Thanks for the error and ram usage info @John_Beranek, I’ll ask the Pulp team about it.
@John_Beranek do you find that your baseline RAM usage (not during syncing) decreases (even temporarily) if you restart Katello or Pulpcore services? systemctl restart pulpcore* --all
, particularly for Pulpcore.
The Pulp team is going to start looking into the performance issues with the OL repositories soon.
Although…looking at the Katello server this morning…

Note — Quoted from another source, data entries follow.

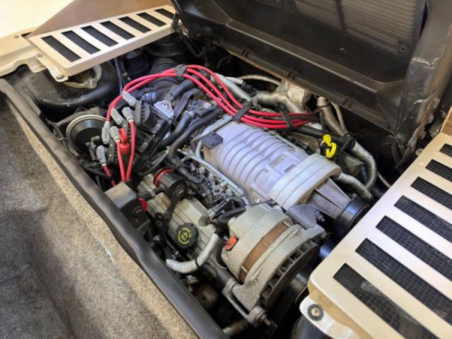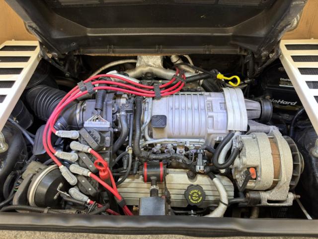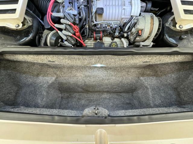 Lifting the trunk lid reveals a small storage area and the mid mounted 3.8 liter supercharged V6, fuel injected and tied to a 4-speed automatic transmission keeping power at the back with 3.33 gears. The brakes are Wilwood power assisted and are configured as disc in front and rear.
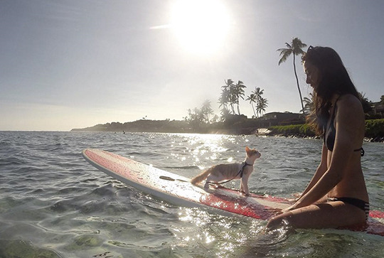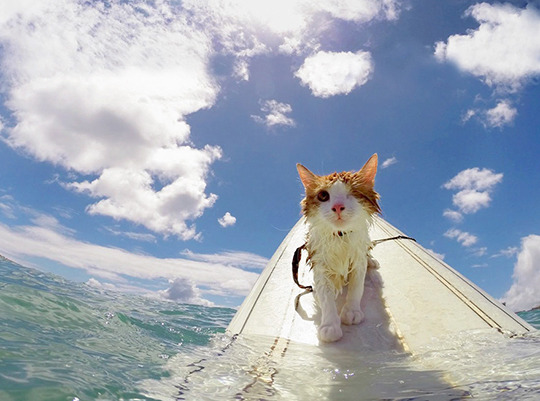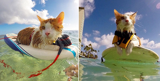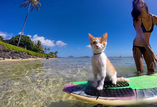 As far as surfing cats go, Kuli is a pro - although he does wear a teeny-tiny-yet-functional life preserver on occasion.
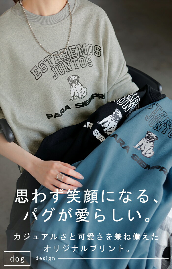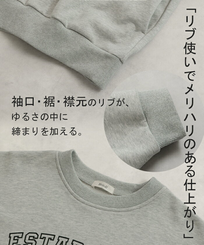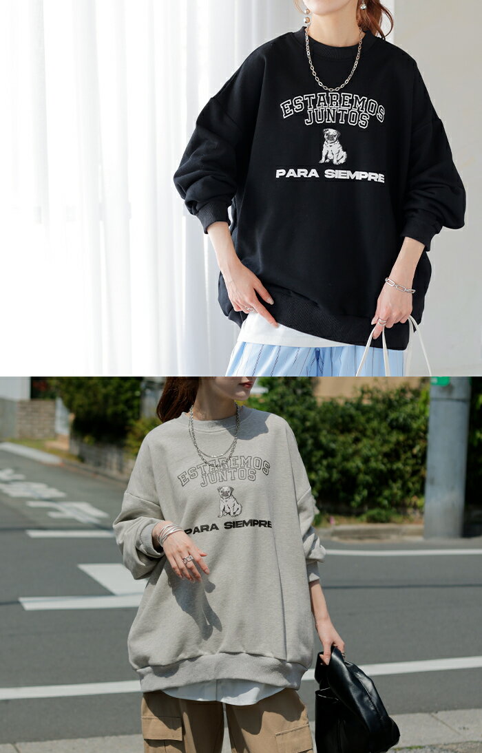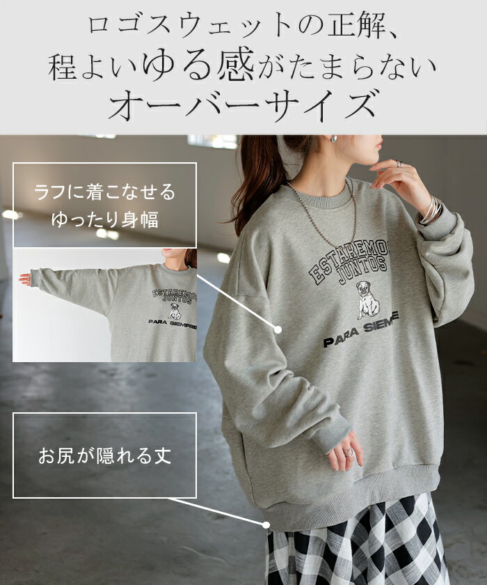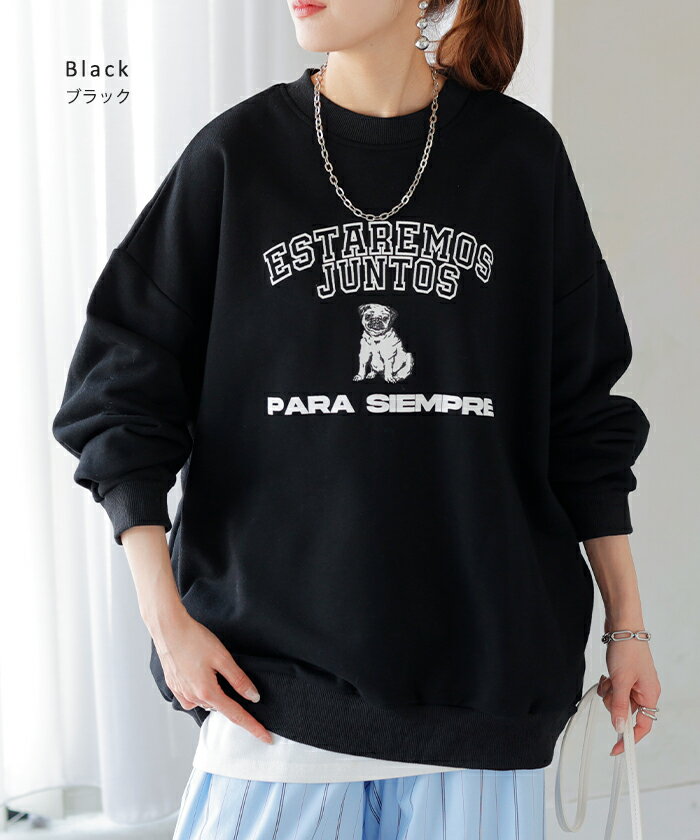 スウェット ロゴ チュニック レディース ■5月中旬入荷 トップス ロング トレーナー オーバー プルオーバー 無地 犬 パグ 長袖 長い ドルマン クルーネック リブ オーバーサイズ ゆったり 体型カバー 大きいサイズ お尻が隠れる カジュアル 黒 グレー HUG.U
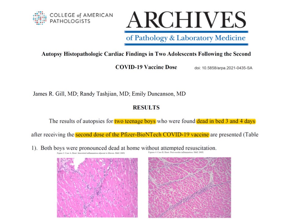 Dr. Marty Makary, Dr. Vinay Prasad, nor Secretary Kennedy were in attendance at this critical hearing in Washington D.C. 6 months ago. In the hearing, Dr. McCullough referenced multiple verified mRNA vaccine child deaths, including the tragic findings of Gill et al, who documented two teenage boys found dead at home just days after receiving the Pfizer vaccine. Autopsies confirmed unequivocal myocarditis as the cause of death. It’s important to note that this paper was published in 2021.

foreman 930281 0.0 0.8 827968 281196 ? Ssl Nov21 2:11 puma 5.3.2 (unix:///run/foreman.sock) [foreman]
foreman 930977 0.6 1.5 1109044 534964 ? Sl Nov21 27:34 puma: cluster worker 0: 930281 [foreman]

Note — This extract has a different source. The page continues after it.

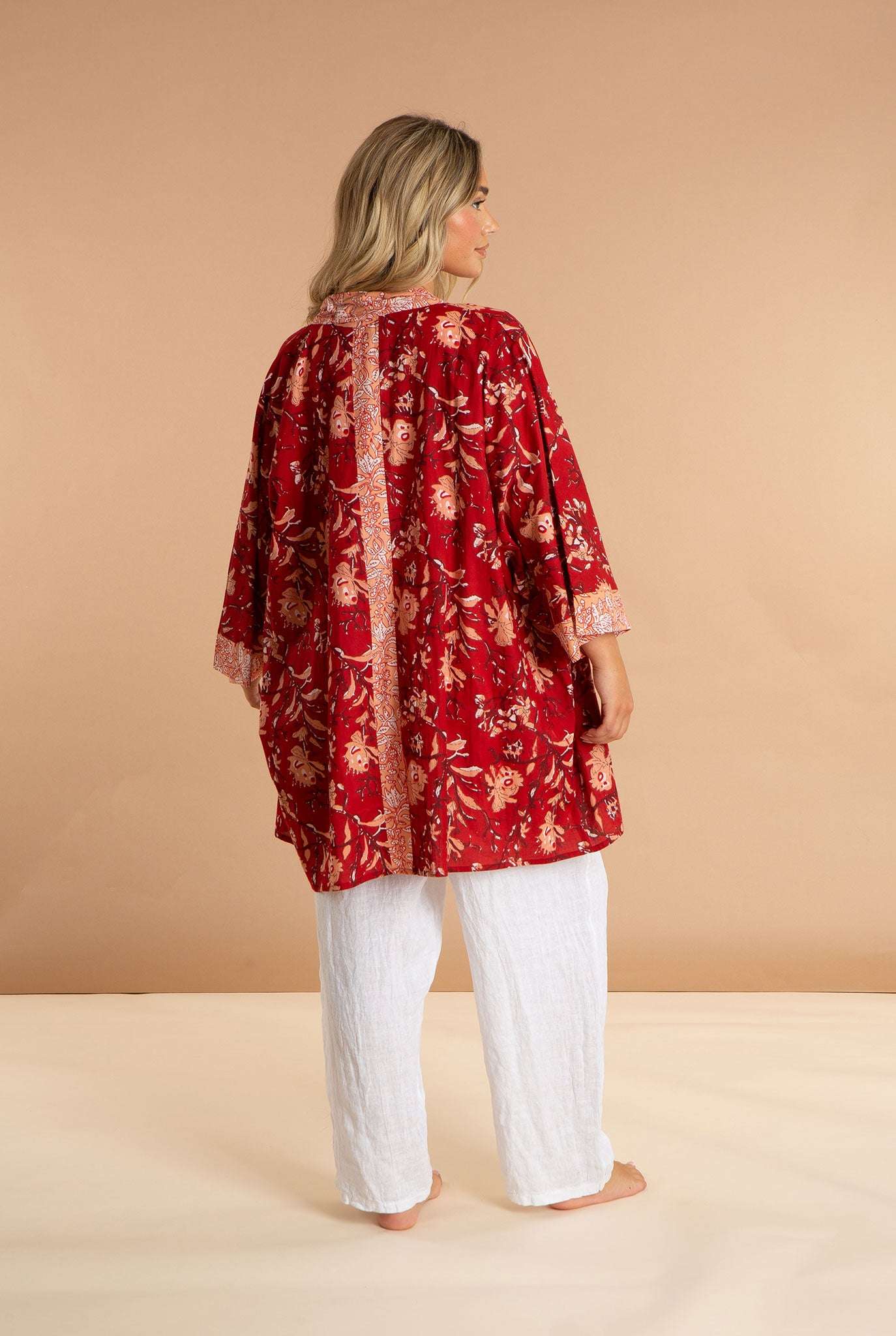 Our Red Rubra women's cotton kimono is inspired by the sprawling sea of star dunes in the Sahara Desert. Featuring classic squared sleeves, a short length, and contrast banding, this luxury dressing gown is made from soft and breathable 100% Indian cotton, which is carefully printed and pre-washed. The bold pattern is at home both as loungewear, or when worn to the beach or as a summer layer.
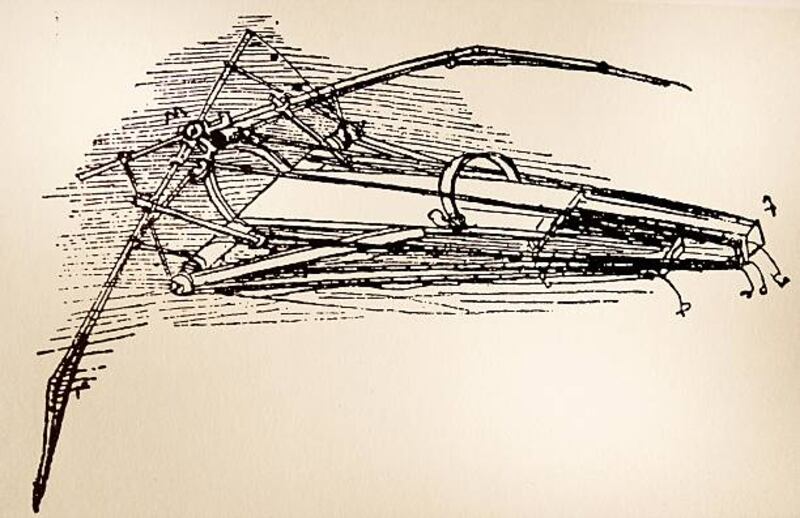 Leonardo también hizo bocetos de un avión o planeador, utilizable para una sola persona. En esta máquina voladora, el usuario iría acostado, como lo podemos ver en el dibujo.

foreman 930978 0.5 1.5 1046404 524068 ? Sl Nov21 24:45 puma: cluster worker 1: 930281 [foreman]
foreman 930979 0.6 1.5 1160408 534444 ? Sl Nov21 27:40 puma: cluster worker 2: 930281 [foreman]
foreman 930983 0.6 1.5 1106172 533892 ? Sl Nov21 27:45 puma: cluster worker 3: 930281 [foreman]

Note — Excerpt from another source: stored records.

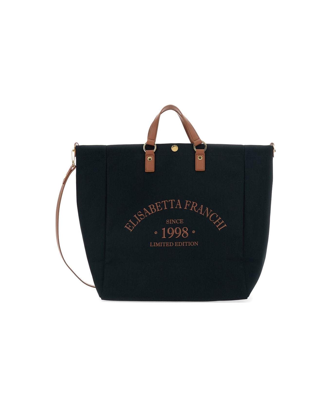 black cotton top handle appliqué detachable strap gold-tone hardware
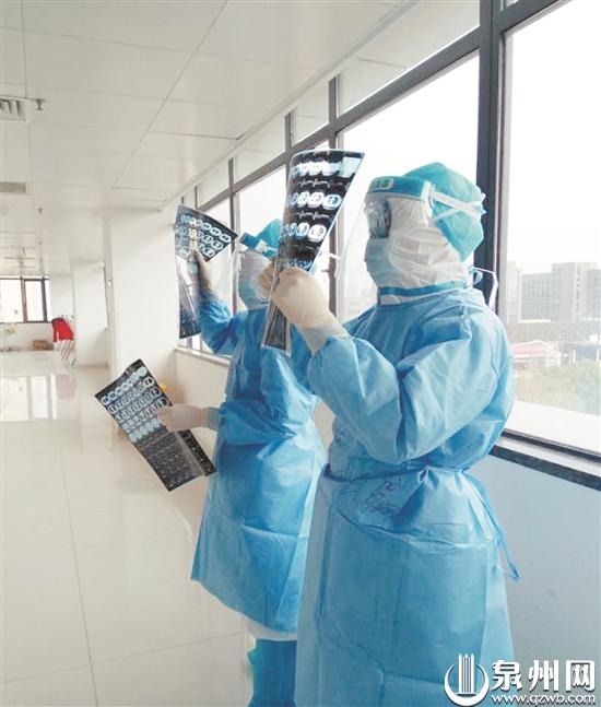 林连顺(右)正在查看患者的胸部影像
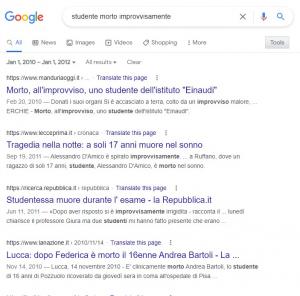 A e quando vi diranno che non è credibile mostrategli Google con la chiave di ricerca “studente morto all’improvviso”, anche lì (purtroppo) i risultati sono tanti:
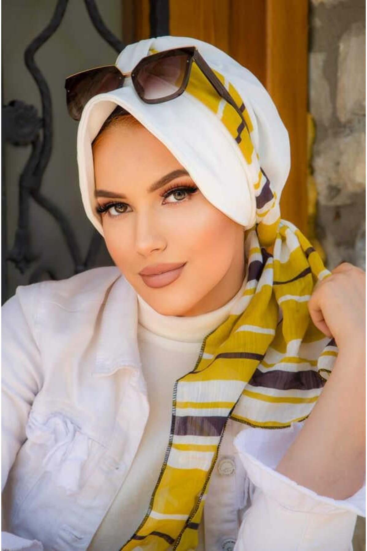 Lacivert Çizgili Desen Fularlı Şapka Bone Lacivert Çizgili Desen Fularlı Şapka Bone 30100 Standart
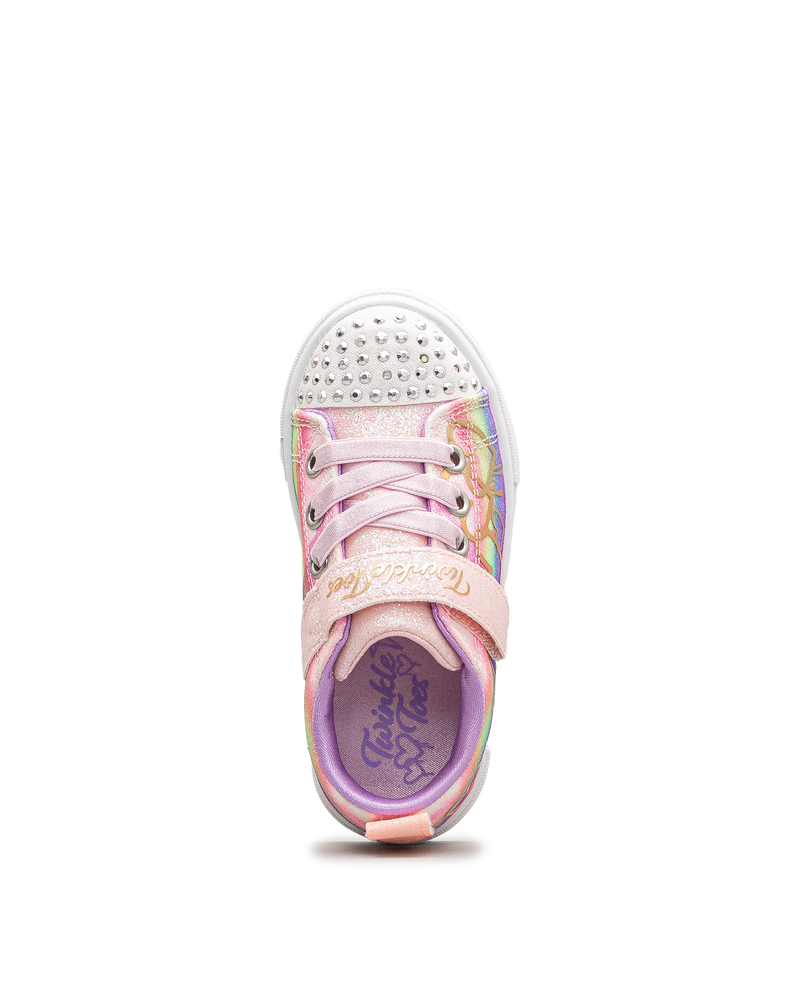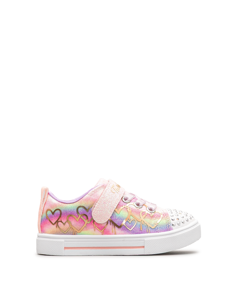 Ces chaussures Skechers pour tout-petits séduisent avec leurs cœurs irisés et leur semelle lumineuse. Leur finition scintillante attire les regards à chaque mouvement. Dotées d’une fermeture pratique, elles s’enfilent en un clin d’œil. Un modèle parfait pour les jeunes enfants qui adorent briller.

foreman 930991 0.5 1.5 1137104 550864 ? Sl Nov21 22:58 puma: cluster worker 4: 930281 [foreman]
foreman 931001 0.6 1.5 1152152 547760 ? Sl Nov21 26:16 puma: cluster worker 5: 930281 [foreman]
foreman 931007 0.6 1.5 1064404 550272 ? Sl Nov21 26:07 puma: cluster worker 6: 930281 [foreman]
foreman 931013 1.6 44.3 16621128 15350872 ? Sl Nov21 69:33 puma: cluster worker 7: 930281 [foreman]
foreman 931016 0.5 1.5 1080860 535256 ? Sl Nov21 22:26 puma: cluster worker 8: 930281 [foreman]
foreman 931021 0.5 1.6 1222988 558556 ? Sl Nov21 24:41 puma: cluster worker 9: 930281 [foreman]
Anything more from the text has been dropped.